In their experiment, which the results of that and the proposed methodology appeared in the Association for Computing Machinery/Institute of Electrical and Electronics Engineers International Conference on Information Processing in Sensor Networks (IPSN), researchers use two autonomous octocopters to fly outside of an enclosed, four-sided brick house whose interior is foreign to the UAS.

According to the researchers, “one copter continuously transmits a WiFi signal, the received power of which is measured by the other copter for the purpose of 3D imaging.”

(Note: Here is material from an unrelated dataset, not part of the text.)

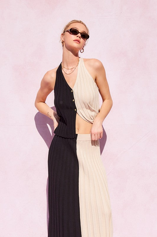 Ribbed Halter Two Tone Top & Maxi Skirt Set
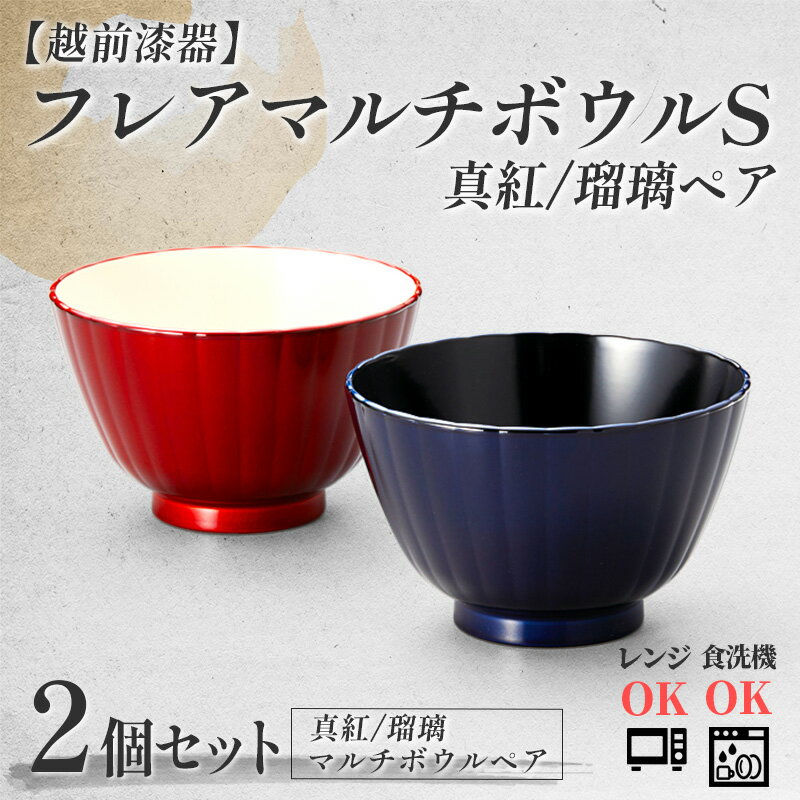 【ふるさと納税】フレアマルチボウルペア S 真紅・瑠璃 食洗機対応・レンジ対応 [B-08414] /食器洗浄乾燥機 ボウル キッチン 料理 調理器具 漆塗り スプーン セット商品 福井県鯖江市

After traveling a few proposed routes, the UAS use imaging methodology developed by the researchers to not only reveal the area behind the walls, but also to generate 3D high-resolution images of the objects inside.

The researchers say that the 3D image closely matches the actual area.

“This approach utilizes only WiFi RSSI measurements, does not require any prior measurements in the area of interest and does not need objects to move to be imaged,” Mostofi says through an article with the UC Santa Barbara school website.

Four tightly integrated key components are the heart of the researchers’ strategy to enable 3D through-wall imaging. To start, they proposed robotic paths that can “capture the spatial variations in all the three dimensions as much as possible, while maintaining the efficiency of the operation.”

Second, to capture the spatial dependencies, the researchers molded the three-dimensional unknown area of interest as a Markov Random Field, and used a graph-based belief propagation approach “to update the imaging decision of each voxel (the smallest unit of a 3D image) based on the decisions of the neighboring voxels.”

Third, the researchers used a linear wave model to “approximate the interaction of the transmitted wave with the area of interest.”

Lastly, the researchers “took advantage of the compressibility of the information content to image the area with a very small number of WiFi measurements.”

Being able to use UAS and WiFi for 3D through-wall imaging could have a variety of use cases, including for structural monitoring, archaeological discovery, and search and rescue missions.